Europa ist mit der Zukunft seiner arabischen Nachbarschaft untrennbar verbunden. Trotz der langen Zusammenarbeit europäischer Regierungen mit den autokratischen Regimes üben die Prinzipien von Demokratie und Menschenrechten auf breite Teile der Gesellschaften nach wie vor eine starke Anziehungskraft aus. Aber Europa muss seine Entschlossenheit zum Ausdruck bringen, den Raum des Mittelmeers und des Nahen Ostens in eine Vision von einer gemeinsamen Zukunft im 21. Jahrhundert einzubringen. Die Europäer müssen erkennen, dass die Stellung Europas im globalen System der Zukunft wesentlich auch von der Qualität partnerschaftlicher Beziehungen zu seiner Nachbarschaft im Süden und Osten bestimmt wird. Große Teile der arabischen Gesellschaften werden ihre wirtschaftlichen Probleme, die nicht zuletzt aus der Bevölkerungsentwicklung der letzten Jahrzehnte resultieren, nicht allein lösen können. Nicht Abschottung wird die Lösung sein können. Im Gegenteil – umfassende Verflechtungen auf den Gebieten des Humankapitals, der Landwirtschaft, Industrialisierung und Energiegewinnung werden die Grundlage für eine Entwicklung in Frieden, Stabilität und Wohlstand sein. Der Wandel, der in den arabischen Gesellschaften eingesetzt hat, mag kurzfristig Instabilität erzeugen; langfristig ist er die Voraussetzung für eine Gestaltung einer gemeinsamen Zukunft. Er ist auch die Voraussetzung dafür, dass der arabische Raum beginnt, sich im Inneren wirtschaftlich stärker zu vernetzen. Davon wird seit dem Ende des Zweiten Weltkrieges viel gesprochen; geschehen ist sehr wenig. Mit Blick aber auf die Stabilität der Gesamtregion ist die Verschränkung der zum Teil extrem unterschiedlichen Potentiale und Ressourcen essentiell.

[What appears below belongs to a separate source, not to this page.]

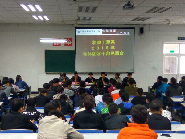 为将机电系的工作顺利开展,加深同学们间的了解于认识,相互团结合作。机电系2016年10月25号中午11:40在北阶104教室举行2016年全体团学干部见面会,机电系团总支书记张文、副书记吴昊宇、学生会主席王旭、李峰以及机电系团总支、学生会记者团全体成员参加了本次大会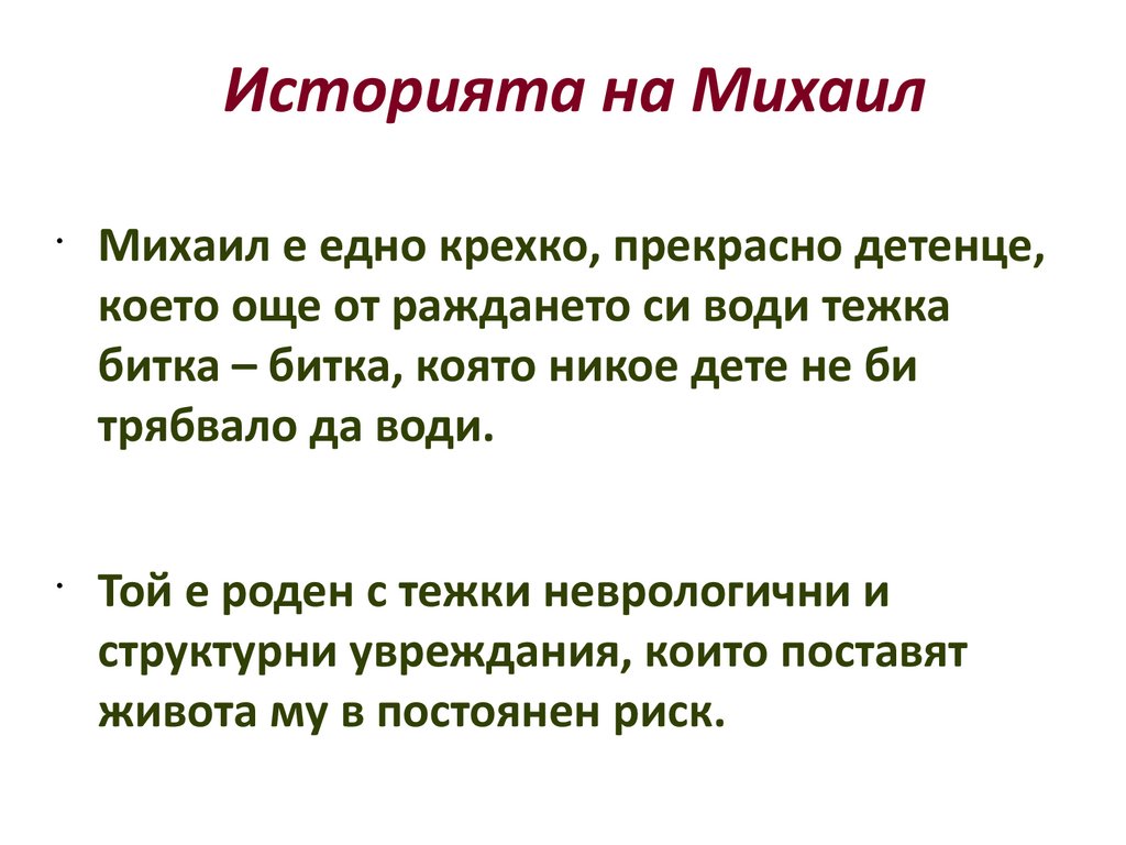 Историята на МихаилМихаил е едно крехко, прекрасно детенце,

Deutschland hat in dieser Vision einen festen Platz. Seit langem blicken die Araber freundschaftlich auf Deutschland. Der Aufbau eines demokratischen Deutschland nach dem Zweiten Weltkrieg und die starke Wirtschaft sind über Jahrzehnte mit Anerkennung und Bewunderung wahrgenommen worden. Die Wiedervereinigung des Landes hat unter den Arabern breite Zustimmung gefunden. Heute ist die ostdeutsche Revolution, die die Menschen furchtlos auf die Straße gehen ließ und zum Zusammenbruch eines repressiven Regimes führte, zu einem Orientierungspunkt für die Entwicklungen im arabischen Raum geworden. Es ist nicht unzutreffend, die arabische Revolte als eine Fortsetzung der Ereignisse im Europa der Jahre 1989/90 zu verstehen. Deutschland sollte seine Beziehungen zu der aufbrechenden arabischen Welt auch in diesem Lichte sehen.